There was no delay and no fuss — Sweetwater sent me a new replacement Argon8 immediately, along with a prepaid return label for the defective unit.
All that’s left to do is dump my custom presets as SysEx data so I can load them on the replacement unit when it arrives.
Thank you, Sweetwater (and Modal), for a fairly painless resolution to a situation that could’ve been a much bigger ordeal.
UPDATE (March 25, 2020): Let’s just say the process isn’t / wasn’t as “fairly painless” as I’d hoped. I can’t figure out how to dump the sysex patch data over MIDI without the Modal app — and, apparently, Sweetwater can’t either. Voltage, Modal’s US distributor, and Modal UK aren’t answering support requests.
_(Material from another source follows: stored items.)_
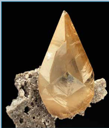
Calcite: 5,2 cm. Elmwood Mine, Tennessee. Coll. L. Gal. Calcite: 5,2 cm. Elmwood Mine, Tennessee. Coll. L. Gal.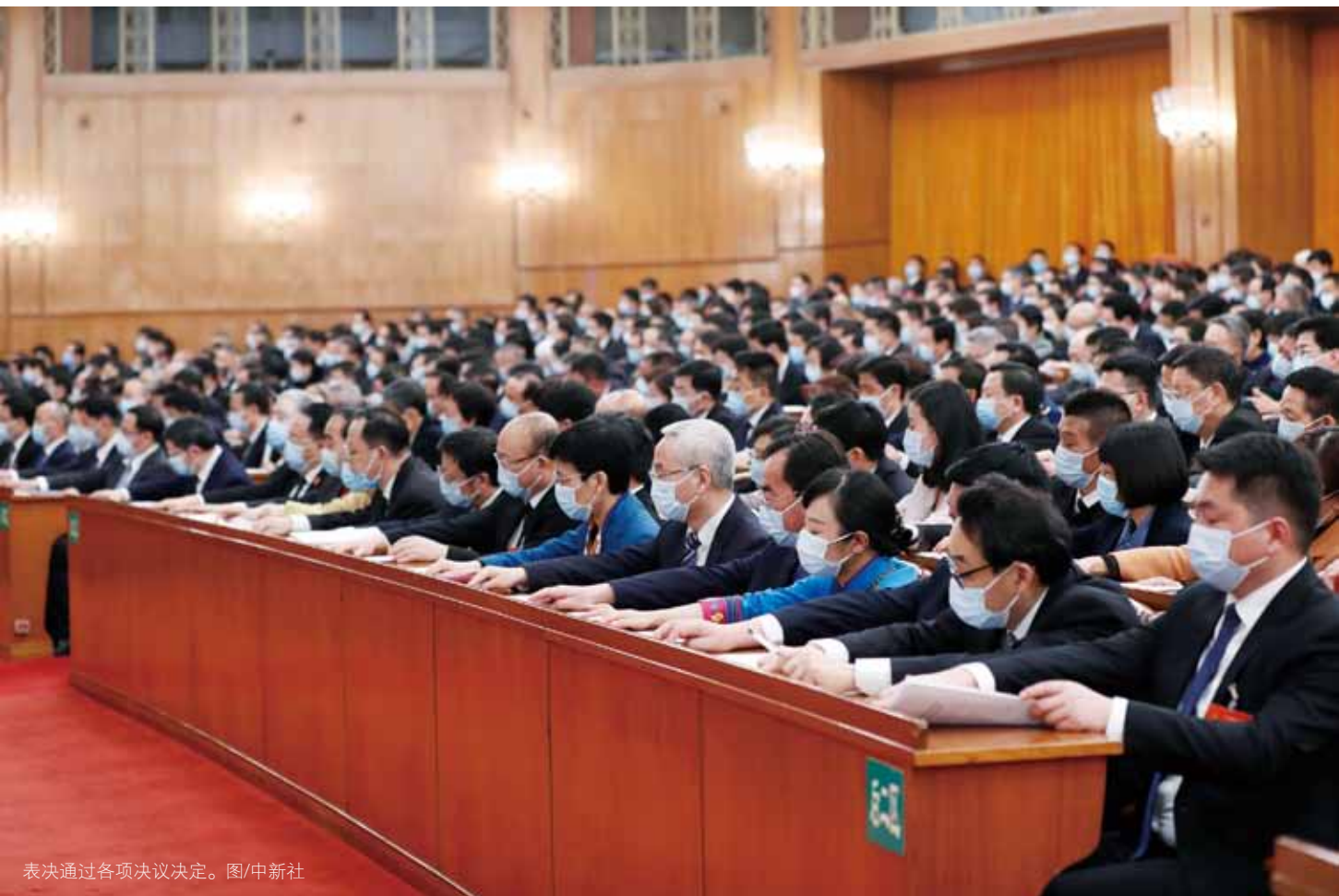
表决通过各项决议决定。

宪法有关规定的立法实施。本次修改是两部法律实施30多年来的首次修改。贯彻习近平新时代中国特色社会主义思想，总结全国人大30多年来的实践经验，全国人大组织法修正草案增设“总则”一章，规定了全国人大及其常委会的性质、定位、组织原则、指导思想，明确了全国人大及其常委会坚持中国共产党领导，明确了人民当家作主原则和依法治国原则，增加了大会任期方面的条款，进一步明确了主席团常务主席会议的职权，对大会主席团职权集中作出规定，适应监察体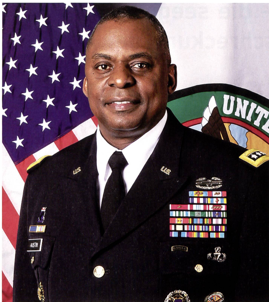
General Lloyd Austin III.

Danach wurde er als Dreisterngeneral Kommandant des XVIII Luftlandekorps und diente wiederum im Irak. Von 2009 bis 2010 war er Direktor des Vereinten Stabes im Pentagon. Danach wurde er, be-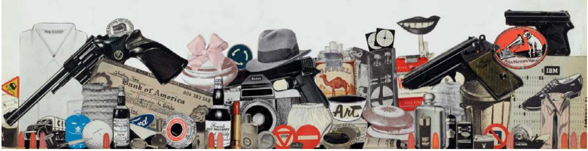
Al estilo americano de..., 1970 © Joan Rabascall, ADAGP, París - VEGAP, Madrid, 2020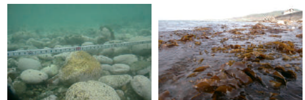
鉄を利用した藻場修復に向けた実証試験（北海道増毛町） （試験開始前の海底（左）と試験開始翌年の海域（右））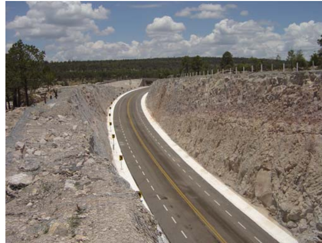
Carr: Durango-Mazatlán, Subtr: Lib. Durango-Otinapa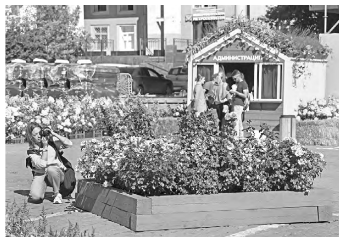
Растения, высаженные на площади 1905 года, к концу фестиваля чувствовали себя очень хорошо и могли не прижиться на новом месте.

Проект задуман с перспективой на семь лет. Курировать создание новой набережной будет специальное созданное архитектурно-ландшафтный совет. Ухаживать за растениями после окончания «Атмосфера» собираются сами организаторы фестиваля. В преобразовании участка они рассчитывают и на поддержку крупнейших девелоперов «УТМК-застройщик», «Брусника» и «Форум групп», чьи жилые комплексы расположены неподалеку. ●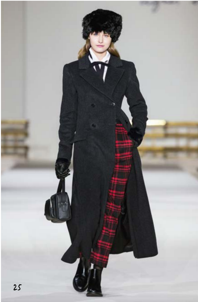
25 long manteau double boutonnage en drap de laine chinéchemise en popeline de coton blanc pantalon à carreaux rouge et noir long double-breasted coat in marled woollen cloth white cotton poplin shirt red and black checked trousers MANTEAU ADRIEN MB07 UK85 900 / GARCÓN W180 UQ36 010 PANTALON Y319 CG51 404 / BOOTS PLATE 928B CU01 000 BROCHE B ARCHIVE / GANTS CUIR ARCHIVE 000 / SAC N510 VCG8 000 NÉUD RUBAN 906B KE94 000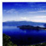
〒017-0292 秋田県内子郡小坂町小坂町山ノ内730-1 / TEL: (0182) 47-3402 / e-mail: sosome@vill.higashitaro.akita.jp

魚梁瀬杉で有名な「木の里」。藩政時代から「育てながら伐る」という理念で手厚く管理されてきた森林は樹齢200年から300年、直径2m高さ50mにおよぶ大木の森林である。柚子栽培も盛んで馬路村柚子の産地としても知られる。安田川の鮎釣りや川遊びも楽しい。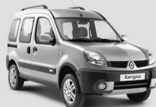
KANGOO PRIVILÈGE 1.6 16V Auch als 4 x 4 erhältlich

«Swiss Festival» Angebot*: Fr. 19 400.– Sie sparen Fr. 1 500.– und 5,9% Leasing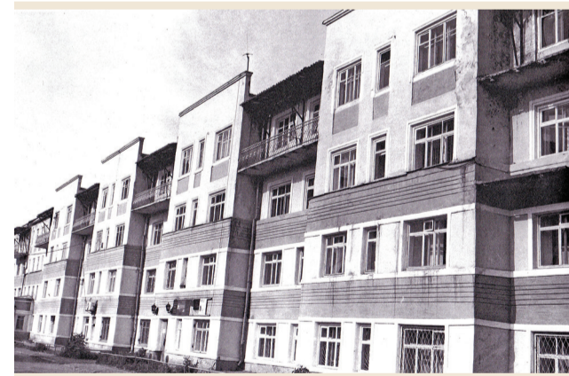
В этом здании на улице Арочная, 41, в 1943–1948 годах размещалось УНКВД по Кемеровской области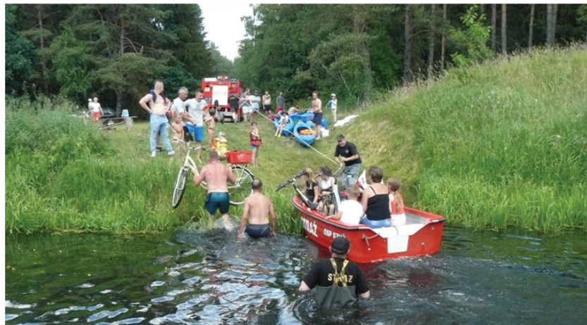
Aktywnie w sołectwie Szuć

niegdyś jezior jest pochodzenia staropruskiego. Ciekawostkami są tu pozostałości po nieistniejących już wioskach: Dębowiec Mały, Dębowiec Duży i Ruda, a także pobliski rezerwat przyrody Małga położone nad szlakiem

Hope to hear back from at least one of the three entities in the next day or so.
UPDATE (March 26, 2020): Voltage, Modal’s US distributor, didn’t “reach out” as Modal said they would on March 17. I sent Voltage a followup request on March 25, and another on the 26th, with no answer, no acknowledgment or autoreply.
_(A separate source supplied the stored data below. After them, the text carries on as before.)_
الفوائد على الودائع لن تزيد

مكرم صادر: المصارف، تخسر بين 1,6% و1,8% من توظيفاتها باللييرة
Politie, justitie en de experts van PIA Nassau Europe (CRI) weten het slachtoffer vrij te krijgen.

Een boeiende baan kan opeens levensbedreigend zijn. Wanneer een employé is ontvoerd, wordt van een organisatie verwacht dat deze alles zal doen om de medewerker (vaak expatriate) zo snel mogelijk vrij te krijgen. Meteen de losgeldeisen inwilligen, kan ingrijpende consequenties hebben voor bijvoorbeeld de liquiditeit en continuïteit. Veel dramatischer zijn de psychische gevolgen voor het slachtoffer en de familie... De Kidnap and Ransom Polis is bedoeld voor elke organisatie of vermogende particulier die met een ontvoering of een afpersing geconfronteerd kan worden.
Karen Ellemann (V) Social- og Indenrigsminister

I’d received some info from Sweetwater and, today, finally, Modal (after opening up yet another ticket) regarding getting the patch data off the defective unit using SysEx Librarian. The recommended process seemed like it was missing a step or two, but I tried anyway, in several different ways.
But after hours of various attempts to dump the sysex patch data into a laptop running SysEx Librarian with no luck, I’m giving Modal support one more day to see if they respond with more details. This has been going on since March 10, so it seems I’m jumping through all the requested hoops.
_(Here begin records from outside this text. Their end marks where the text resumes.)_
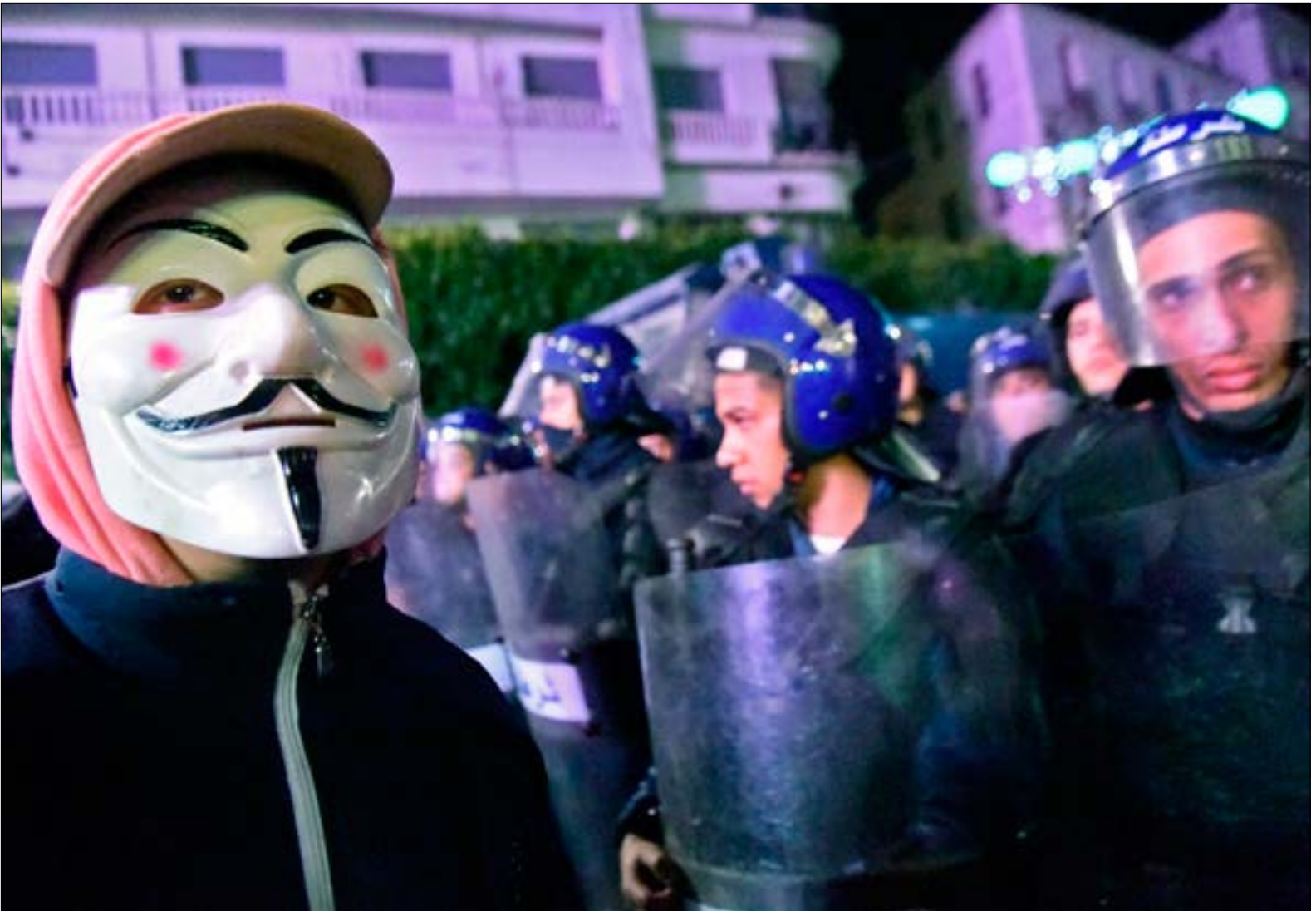
دخلت نقابات المحامين في ولايتي قسنطينة والأغواط في صياح مندب

على أهدافه وتضحياته، ومحاولة لتمدد عمر هذا النظام». ويسود انطباع لدى المعارضة والمواطنين الراضين لترشّح الرئيس بأن ما أعلن هو محاولة فقط لإسكات الحراك الشعبي، بتقديم عود بان بوتفليقة لن يمكث على الأكثر سوى عام إضافي بعد الانتخابات المقبلة، ثم الانقلاب على ذلك بعد أن يخمد هذا الغضب، بمعنى أن السلطة تراهن على عامل الوقت لإضعاف الحراك وتقسيمه، ويستشهد المشككون في نيات الرئيس الحقيقية بما جرى في سنة 2011، عندما تعهد في خضم أحداث ما يسمى «الربيع العربي» بإصلاحات جذرية، ثم تنصّل من ذلك في ما بعد، معزّزاً موقفه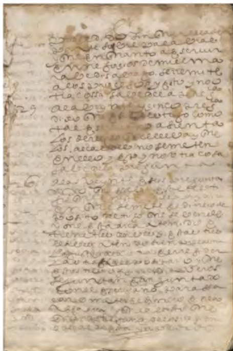
1615. Juicio de residencia.

ES.10259. AMUMRY / 01.02.07.03 // 00057 / 002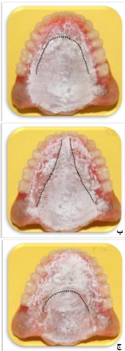
شکل ۴- پالاتوگرافی موقعیت تعیین شده کام سخت با خمیر فشار نما. الف) تلفظ حرف «ت و د»، ب) تلفظ حروف «س و ز»، ج) تلفظ حروف «ک و گ»

اصلاح شد که با تماس مناسب زبان و کام، صداها به شکل واضح و راحت قابل تلفظ باشند (شکل ۴).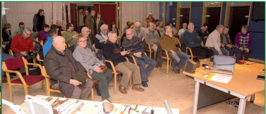
Bereits vor Beginn waren mehr Gäste als Stühle da.

UPDATE (April 17, 2020): I finally got a call back from Voltage on March 30. Two of their employees were sympathetic and helpful over the phone. They offered to have me send back the defective unit, put a new USB card in it, dump the patches I’d made, then send me the patches so I could load them on the new synthesizer. This involved shipping a demo unit from Wisconsin to their office in LA. However, after several attempts to contact them again to work out the shipping address and other details, I got no response. After waiting two weeks I gave up, and returned both the defective Argon8 synth and the replacement for credit at Sweetwater.
The place I’m staying has no satellite TV, and very slow internet. It’s a good place to concentrate; the only real distraction is the view of the lake. It’s a good location for sketching out ideas and doing some recording (and re-recording).
I have an old M-Audio Firewire 410 interface that only works with old versions of OS X on old laptops. So I brought the old laptop. The Modal app, however — useful for patch editing and the like — only works on new(er) laptops. So I brought the new(er) laptop, too.
As misfortune would have it, the Modal app stopped recognizing the Argon after I upgraded the latter’s firmware this morning. The synth still works fine. So it goes.